The case, Apache North Sea Limited v INEOS FPS Limited [2020] EWHC 2081 (Comm), concerned the processing of hydrocarbons produced in the Forties Field of the North Sea by Apache, and the transportation of the same through the Forties Pipeline System owned and operated by INEOS.
The original contract dated 2003 was between Apache and BP (British Petroleum). This contract subsequently included an Attachment (F) that covered production estimates for the period from signing to end of 2020. In 2017, BP sold its interest in the Forties Pipeline System to INEOS and in 2019, Apache wrote to INEOS requesting an amendment to the contract to extend the Attachment (F) from January 2021 to end of 2040.
INEOS said that they would be willing to extend the Attachment (F) provided that the payment tariff was revised to increase the amounts that INEOS are paid.
Apache refused to revise the payment tariff saying that the clause concerning the extension of production estimates states: “…. subject to there being Uncommitted Capacity INEOS shall not unreasonably withhold its consent to such increase…” and that INEOS cannot withhold consent in exchange for the re-writing of fundamental terms of the contract. Apache also argued that price increases are already provided for in the contract through the application of indices and that it was contemplated that production would continue beyond the end of 2020.
INEOS on the other hand, argued that a change in tariff as a condition of giving consent to extend the Attachment (F) is a question of fact to be judged on the reasonableness test and that extending the period would involve substantial investment by INEOS which comes at a cost. INEOS also said that after the end of 2020, Apache has no further contractual rights so extending the term would be a significant increase in its rights.

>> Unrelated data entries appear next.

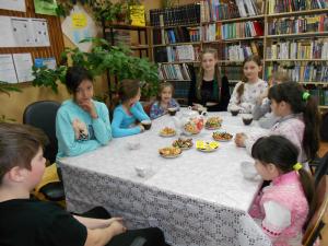 С удовольствием посмотрели отрывки из мультфильма «Фантастические летающие книги мистера Мориса Лессмора», послушали песню «Крылатые качели» в исполнении Зубцовой Жени. Незаметно для всех настало время чаепития. Встреча продолжалась почти три часа, понравилось всем без исключения. Дети просили проводить свои собственные библиосумерки и библионочи чаще. Присутствовало 11 детей и 4 взрослых (родители).
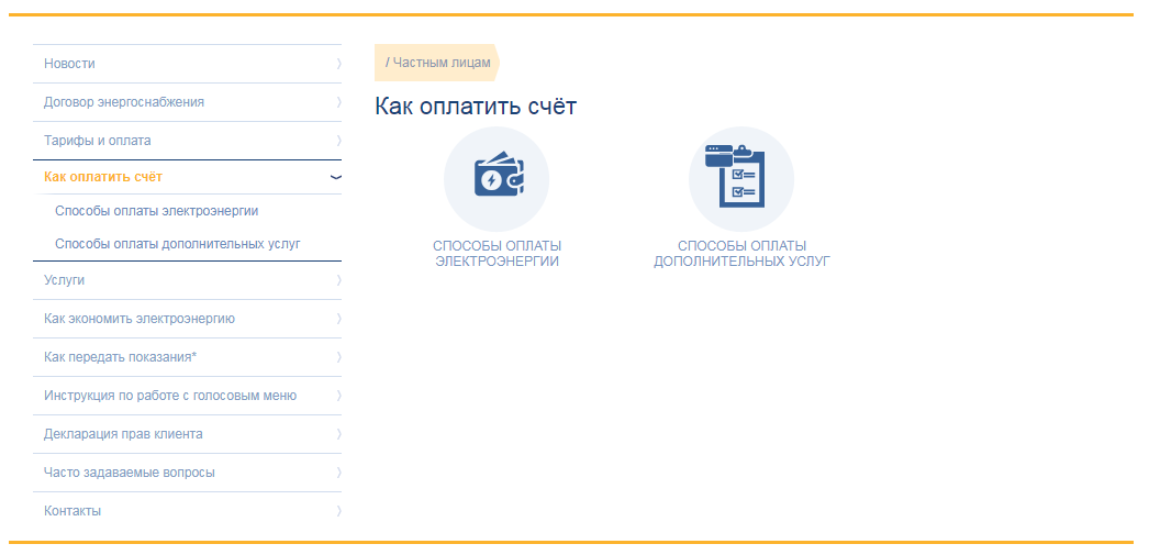 Рядом с предыдущим разделом на главной странице официального сайта Мосэнергосбыта находится раздел «Как оплатить счет», в котором нужно перейти в подраздел «Способы оплаты электроэнергии».
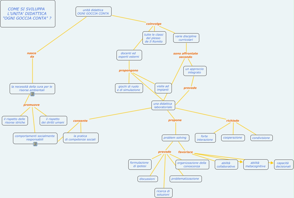unità didattica, problem solving prevede formulazione di ipotesi, unità didattica OGNI GOCCIA CONTA nasce da la necessità della cura per le risorse ambientali, unità didattica OGNI GOCCIA CONTA coinvolge varie discipline curricolari, problem solving favorisce abilità collaborative, problem solving prevede ricerca di soluzioni, la necessità della cura per le risorse ambientali promuove il rispetto dei diritti umani, una didattica laboratoriale richiede cooperazione, problem solving prevede organizzazione della conoscenza, docenti ed esperti esterni propongono giochi di ruolo e di simulazione, una didattica laboratoriale richiede forte interazione
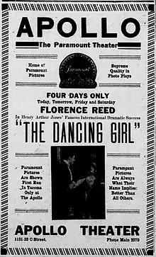 The Dancing Girl is a lost 1915 silent film drama produced by the Famous Players Film Company and distributed by Paramount Pictures. It is based on the 1891 Broadway play of the same name by Henry Arthur Jones. The film was directed by Allan Dwan and starred stage actress Florence Reed in her film debut. Reed's husband, Malcolm Williams, also appears in the film.[1][2]
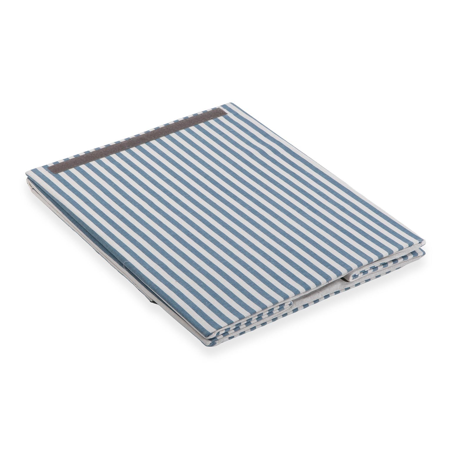 O padrão de riscas verticais em azul e branco confere um toque moderno e náutico, tornando-o ideal para a casa de banho, quartos ou áreas de serviço.

The parties took the matter to Court to ask “….is INEOS acting unreasonably and/or non-contractually by withholding consent…”. The Court found, in Apaches’ favour, that whilst setting conditions to consent could be legitimate in certain circumstances, in this case, INEOS was not entitled to impose the condition, as it would have the effect of re-writing the parties’ bargain by depriving Apache of its contractual rights.